The effect of DNA methylation in osteoarthritis (OA) pathophysiology is becoming increasingly evident. OA progress is accompanied by methylation changes to cartilage catabolic and developmentally associated genes such as MMP13, SOX9, ADAMTS45,6,7,8,9. DNA has been shown to be differentially methylated between normal and OA cartilage5. For example, the enhancer region of NF-κB at −5.8 kb was significantly demethylated in OA cartilage compared with the same region in control samples, leading to the activation of inducible nitric oxide synthase to start or accelerate OA process6. Recent studies showed that MMP137 and ADAMTS48 decreased methylation and SOX99 increased methylation in OA, and the gene expression is inversely related to methylation.
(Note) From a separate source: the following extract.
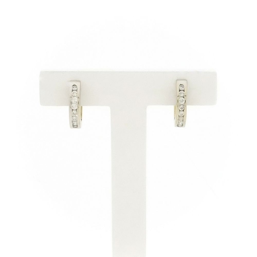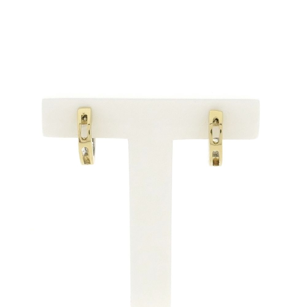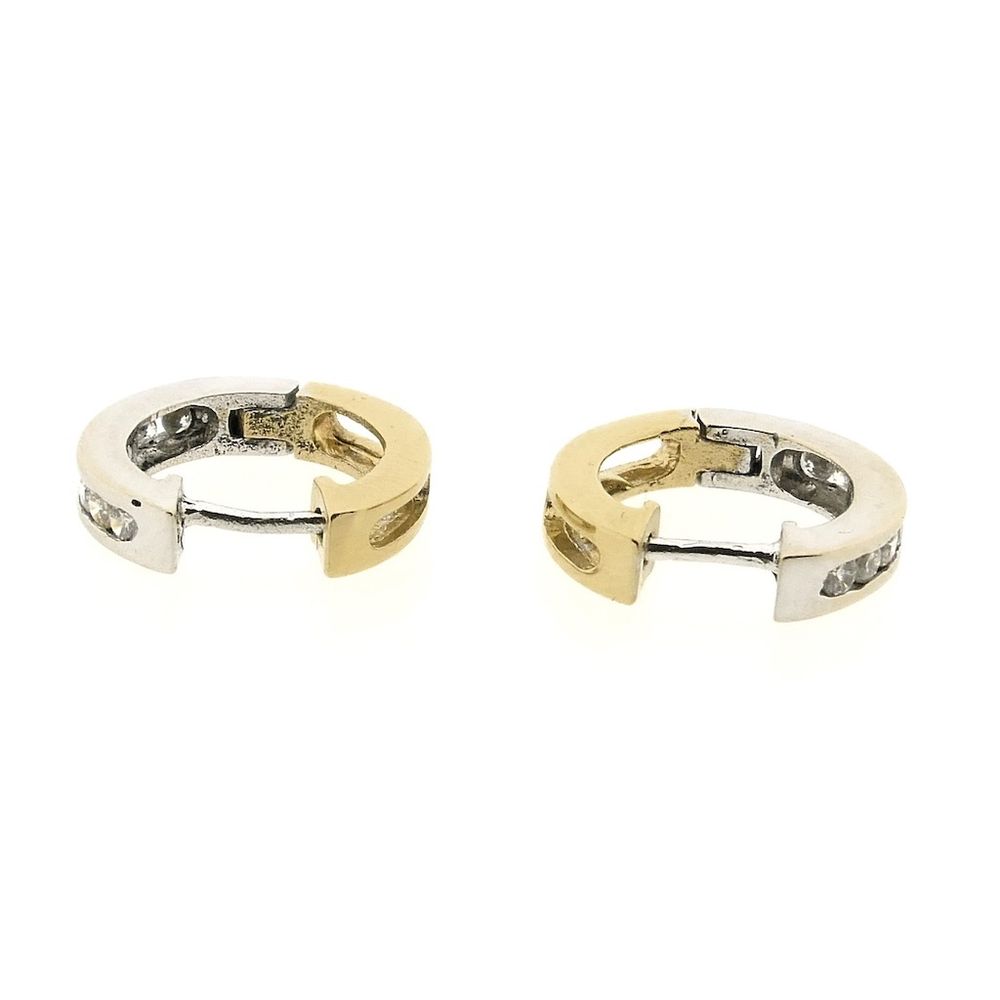Two-tone gold hoop earrings with zirconia. A subtle pair of earrings. The white gold section is set with eight round, brilliant-cut zirconia stones. These stylish earrings are crafted from 14-karat white and yellow gold (585/1000).

Moreover, increased DNA methylation due to age and oxidative stress impaired the differentiation capacity of hMSCs10, and DNA methyltransferase inhibitors promoted the differentiation of stem cells by repressing DNA methylation11.
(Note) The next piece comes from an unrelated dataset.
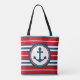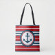 Design náutico com decoração em forma redonda com âncora sobre fundo listrado vermelho, azul e branco
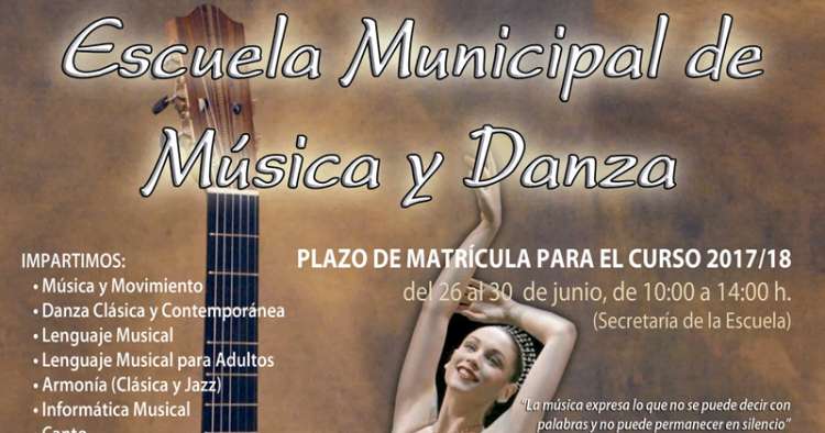 El periodo de matriculación para los nuevos alumnos de la escuela municipal de Música y Danza se abrirá el 22 de junio y permanecerá abierto hasta el día 30.

MicroRNAs (miRNAs) are short (~22 nt), non-coding, single-stranded RNAs that function as post-transcriptional regulators. Specifically, miRNAs silence gene expression by binding to the 3′-untranslated region (3′-UTR) of specific target mRNAs, thereby promoting their degradation or inhibiting their translation12. Previously, we found high expression levels of miR-455-3p in human adipose-derived stem cells (hADSCs) during chondrogenic differentiation13. We subsequently demonstrated that miR-455-3p plays a role in regulating OA and the chondrogenic differentiation of hMSCs14,15,16.

Recent studies have shown that miR-455-3p regulates certain pathological processes, such as cancer17. Our previous study showed that miR-455-3p functions as an activator for early chondrogenic differentiation of ATDC5 cells, and directly targets and inhibits the expression of Runt-related transcription factor 2 (RUNX2)15. We also demonstrated that miR-455-3p promotes chondrogenic differentiation by suppressing the expression of HDAC2 and HDAC8, thereby maintaining an appropriate level of histone H3 acetylation at the COL2A1 promoter to promote the production of type II collagen14. However, whether miR-455-3p regulates cartilage development and degeneration by adjusting DNA methylation level is not clear. Using miRNA target prediction algorithms, we found that miR-455-3p has a potential target in DNMT3A, which does regulate DNA methylation. Thus, we hypothesized that miR-455-3p plays an important role in hMSC chondrogenic differentiation by regulating the ability of DNMT3A to modulate DNA methylation. In this study, we investigated the role of miR-455-3p in the process of hMSC chondrogenic differentiation by characterizing its effect on DNA methylation of cartilage-specific genes and pathways.

Results

Expression pattern of miR-455-3p and DNMT3A during chondrogenic differentiation of hBMSCs

To characterize the expression patterns of miR-455-3p and DNMT3A during chondrogenic differentiation, hBMSCs were induced to differentiate into chondrocytes in micromass culture in vitro. Safranin O staining at days 21 and 35 showed successful chondrogenic differentiation of hBMSCs (Supplementary Figure 1). The expression of miR-455-3p increased rapidly in hBMSC chondrogenic differentiation beginning on day 7, peaked at 21 days, and was followed by a marked decrease from days 28 to 35 (Fig. 1a). Meanwhile, the opposite trend was evident in DNMT3Aexpression, which descended from days 3 to 21 and then rapidly increased from days 28 to 35 (Fig. 1b). Immunohistochemistry analysis of DNMT3A (Fig. 1c) also showed a similar trend to RT-PCR, suggesting that miR-455-3p may affect the expression of DNMT3A.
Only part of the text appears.